By paying for all children after the age of three (and for some after they're seven, four years longer than legally mandated), the regional center is betting on reduced costs when those kids turn twenty-two and presumably have the skills to live and work independently. "In the long run, we'll save money," says Tara Sisemore-Hester, the center's coordinator of autism services. And by investing heavily in early intervention, school officials hope to reduce special education costs in later grades.
"Young children -- that's where we really want to put our energies," says Sandee Kludt, assistant superintendent for special education for the San Joaquin County Office of Education. "The research is showing that for at least half of them, if we can get in early and do intensive services, we have a really good chance of making a difference."
Sisemore-Hester says 75 percent of the children in the region's early intensive programs make substantial progress on their individual education plans, or IEPs.

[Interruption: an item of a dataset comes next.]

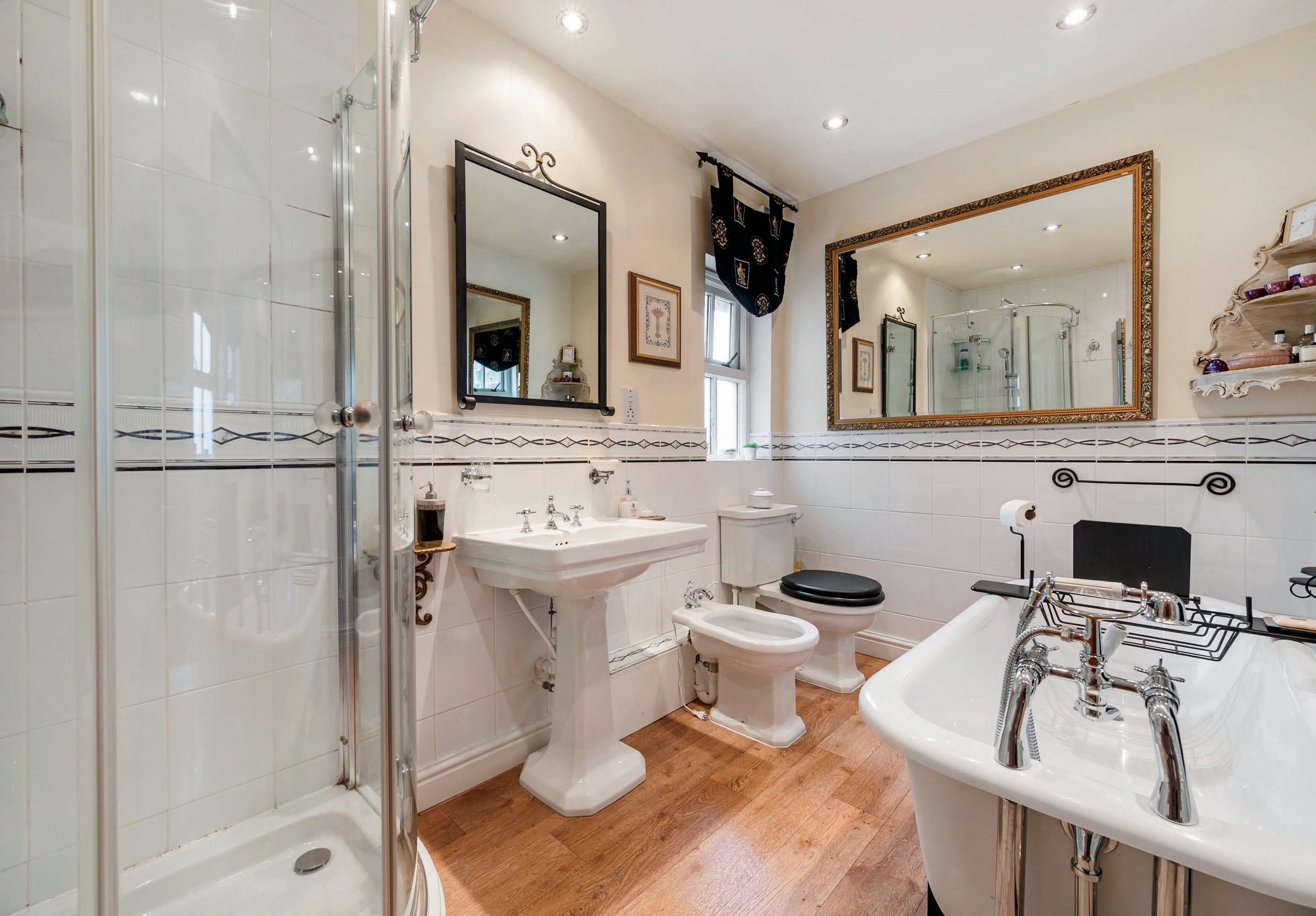 To the first floor there is a spacious landing which provides access to all the first-floor rooms. The main bedroom has a dressing room and its own en-suite with bath, W.C and wash hand basin. There are three further well-proportioned bedrooms all having views over the garden. The modern house bathroom comprises a five-piece white suite, including a freestanding bath, shower cubicle, bidet, W.C and wash hand basin. There is also a spacious loft.

About half of the kids wind up in general education with no extra support, indistinguishable from their classmates academically and socially. That's about the same track record the Lovaas Center claims. (No programs report better statistics, a clear sign that autism treatment still has a long way to go.) What happens beyond the school years -- whether the gains made at age five translate into successful living twenty years later -- nobody knows. The first children to receive the region's ambitious services are only now graduating from high school.
Joe, a senior at Calaveras High School, plays varsity football, wrestles, loves guitar, and has a 3.2 grade point average. He plans to attend community college next fall and wants to study music and history. His mother, an accountant by training, now works as an autism consultant, helping parents throughout California obtain services for their kids. She says she hasn't seen an early-education model that comes close to what the Valley Mountain region offers. But she believes that situation will change as educators and administrators realize they have a brief, precious opportunity to rewrite a life story.
"Autism once meant hopelessness, but that's certainly not the story line today," she observes. "It's loaded with hope. Kids like my son have given us all a whole different picture of what children with autism can achieve."